Foreign parties involved in German litigation often, for a variety of reasons, involve their trusted home jurisdiction advisers alongside German litigation counsel. The question then arises to what extent the costs to be reimbursed by the opponent also include the fees for the foreign lawyer, in addition to those for German counsel, if the foreign party is successful in the litigation.Until now, the court practice differed to what extent these additional costs could be claimed. Some courts of appeals, such as Stuttgart and Berlin, were friendly fo foreigners: They held that foreign parties were per se entitled to claim these additional fees – albeit on the basis of the German Federal Fee Schedule (Rechtsanwaltsgebührengesetz, RVG).
The Federal Supreme Court (Bundesgerichtshof) has now ruled on the issue in a matter involving a Swiss party in a copyright dispute. It came down less favourably for foreign litigants. In short, the Federal Supreme Court ruled that the test used for the reimbursement of additional counsel’s fees shall apply to domestic litigants and foreign parties alike.

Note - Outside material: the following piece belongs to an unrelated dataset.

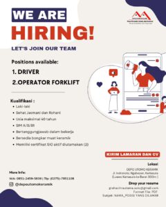 - Berkas Lamaran, CV, dan berkas pendukung lainnya dapat dikumpulkan melalui menu “Lamar Sekarang” dibawah, atau datang langsung ke : Depo Utomo Keramik di Jl. Indronoto, Ngabeyan, Kartasura.

Foreign litigants will need to show a necessity for involving a Verkehrsanwalt, an additional lawyer to instruct local German counsel, just as a German party would need to. However, the Federal Supreme Court acknowledges that a foreign party may be more likely to meet that test. Relevant factors would be language issues, cultural differences or lack of familiarity with the German legal system (“sprachliche Barrieren, kulturelle Unterschiede oder mangelnde Vertrautheit mit dem deutschen Rechtssystem“). On the other hand, if the foreign party has a distribution system in Germany, then it would most likely fail the necessity test – if you can sell goods and services in Germany, you are presumably qualified to deal with German lawyers directly.
As the first and second instance courts in Berlin had not applied the necessity test, and hence not established the relevant facts, the Federal Supreme Court sent the matter back to the lower courts for the factual issues to be dealt with. Thus, it remains unclear whether the Swiss party would met the necessity test: Reading between the lines, my feeling is that a Swiss party in a commercial dispute that arises out of selling into Germany would not qualify. As the judgment is sanitized, you can not tell whether it was a party from the German-speaking part of Switzerland, but I suspect it was.